Настоящее же имя жены Прончищева — Татьяна! Установил это студент Московского университета В. В. Богданов в 1983 году. В фондах Поместного приказа Центрального государственного архива древних актов он нашел челобитную Анны Федоровны Незнановой (в девичестве Кондыревой) с просьбой разделить между нею и ее братом имение, которое восемнадцать лет назад было отдано их матерью «в приданое за сестрою моею родною Татьяною Федоровною, женою Василия Прончищева», которая с мужем-моряком отлучилась в Сибирь и «где обретаются, и живы ли или померли, о том подлинного известия я не имею».
Архивные материалы помогли установить, что Татьяна Федоровна Кондырева родилась в селе Березово Алексинского уезда (ныне Тульская область) в 1713 году. Неподалеку находилось имение Прончищевых Тарбеево (теперь Богимово). Так что Василий и Татьяна не только были знакомы с детства, но и состояли в некровном родстве, так как дядя Василия был женат на тете Татьяны. Разница в возрасте одиннадцать лет не помешала им 20 мая 1733 года пожениться. Через месяц они переехали в московский дом Кондыревых, а еще через несколько дней с разрешения Беринга отправились в далекую Якутию.
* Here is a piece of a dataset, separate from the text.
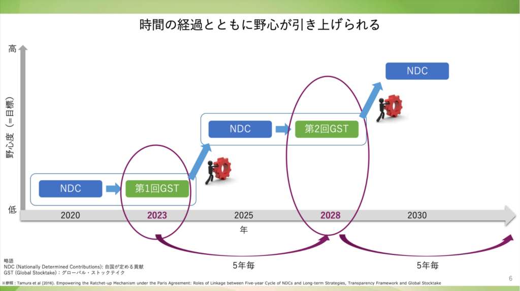 グローバル・ストックテイク(GST)は5年ごとに実施され、次の5年に向けたNDC提出時に活用され、野心度を引き上げる際の科学的な根拠や政策に生かされていきます。

Меня часто спрашивают, когда будет переименована бухта Марии Прончищевой. Думается, никогда. Достаточно в последующем помещать ее первоначальное название «бухта Прончищевой». Любое переименование — дело хлопотное и не дешевое, да и не всегда нужное. Более важно знать, кто стоит за этим именем...
Наиболее высокой чести среди участников Великой Северной экспедиции удостоились двоюродные братья Лаптевы. Прежде всего их имя носит самое серединное среди арктических морей —
море Лаптевых. Как только не называли его в прошлом! На картах до конца XVII века оно значилось Татарским и Ленским, в последующем — Сибирским и Ледяным, Северным и Ледовитым (в сочетании с другими восточными морями). С 1893 года, по предложению Фритьофа Нансена, некоторое время его называли морем Норденшельда. А морем Лаптевых оно стало сравнительно недавно. В 1913 году Русское географическое общество одобрило предложение известного океанолога Ю. М. Шокальского назвать так море, расположенное восточнее мыса Челюскин, а 27 мая 1935 года постановлением ЦИК СССР было утверждено название моря Лаптевых в современных границах.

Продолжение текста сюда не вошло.